Bayesian Regression - Introduction (Part 1)

Regression is one of the most common and basic supervised learning tasks in machine learning. Suppose we’re given a dataset \(\mathcal{D}\) of the form

\[\mathcal{D} = \{ (X_i, y_i) \} \qquad \text{for}\qquad i=1,2,...,N\]

The goal of linear regression is to fit a function to the data of the form:

\[y = w X + b + \epsilon\]

where \(w\) and \(b\) are learnable parameters and \(\epsilon\) represents observation noise. Specifically \(w\) is a matrix of weights and \(b\) is a bias vector.

Let’s first implement linear regression in PyTorch and learn point estimates for the parameters \(w\) and \(b\). Then we’ll see how to incorporate uncertainty into our estimates by using Pyro to implement Bayesian regression.
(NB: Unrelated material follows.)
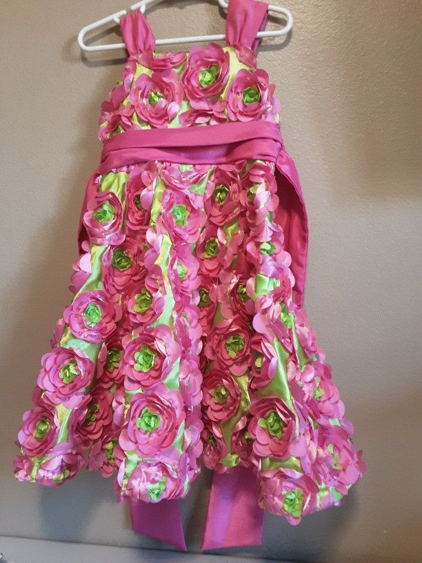 GIRLS DRESS SIZE 4T/4, RARE EDITIONS PINK/GREEN DRESS WITH CRINOLINE (FREE LOCAL PICK UP)

Let’s begin by importing the modules we’ll need.

In [1]:
import os
from functools import partial
import numpy as np
import pandas as pd
import seaborn as sns
import torch
import torch.nn as nn

import matplotlib.pyplot as plt

import pyro
from pyro.distributions import Normal, Uniform, Delta
from pyro.infer import SVI, Trace_ELBO
from pyro.optim import Adam
from pyro.distributions.util import logsumexp
from pyro.infer import EmpiricalMarginal, SVI, Trace_ELBO, TracePredictive
from pyro.infer.mcmc import MCMC, NUTS
import pyro.optim as optim
import pyro.poutine as poutine

# for CI testing
smoke_test = ('CI' in os.environ)
assert pyro.__version__.startswith('0.3.0')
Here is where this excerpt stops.